The truth is that in the present form of the story the figure of Cain represents a fusion of several distinct types, of which it is difficult to single out any one as the central idea of the legend. (1) He is the originator of agriculture (verse ²). (2) He is the founder of sacrifice, and (as the foil to his brother Abel) exhibits the idea that vegetable offerings alone are not acceptable to Yahwe (see on verse ³). (3) He is the individual murderer (or rather shedder of kindred blood) pursued by the curse, like the Orestes, Alcmæon, Bellerophon, etc., of Greek legend (verse 8 ff.). Up to verse ¹² that motive not only is sufficient, but is the only one naturally suggested to the mind: the expression נָע וָנָד being merely the negative aspect of the curse which drives him from the ground.¹ (4) Lastly, in verses 1316 he is the representative of the nomad tribes of the desert, as viewed from the standpoint of settled and orderly civilisation.

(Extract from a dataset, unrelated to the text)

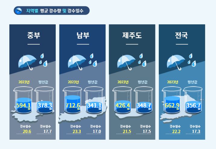 그리고 작년에는 마치 소나기 처럼 쏟아부었던 기억이 납니다. 제 기억엔 마치 동남아처럼 자고 있을 때 비가 엄청 많이 왔던거 같아요. 정확한 데이터를 살펴보시면 남부지방은 평년값보다 두 배나 되는 비가 내렸고, 강수일수도 5일 정도 더 많았네요. 제주도는 평년값과 비슷했으며, 중부지방도 꽤 많은 비가 내린 것을 알 수 있습니다.
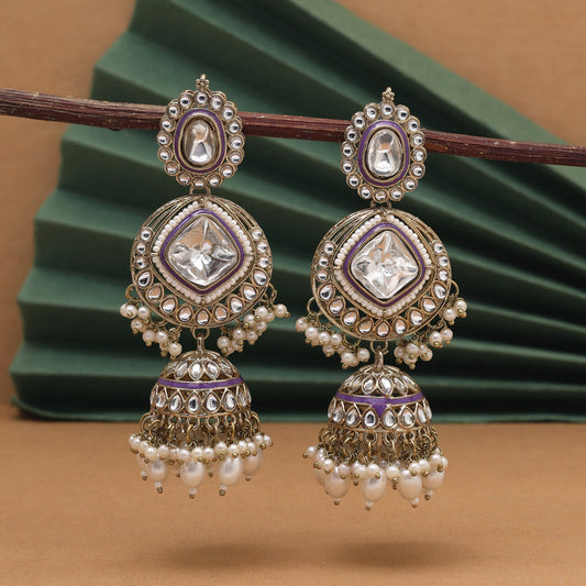Purple Color Kundan Earrings (KDE983PRP)

Ewald pointed out the significant circumstance, that at the beginning of the ‘second age’ of the world’s history we find the counterparts of Abel and Cain in the shepherd Jabal and the smith Tubal-Cain (verse 20 ff.). It seems probable that some connexion exists between the two pairs of brothers: in other words, that the story of Cain and Abel embodies a variation of the tradition which assigned the origin of cattle-breeding and metal-working to two sons of Lamech. But to resolve the composite legend into its primary elements, and assign each to its original source, is a task obviously beyond the resources of criticism.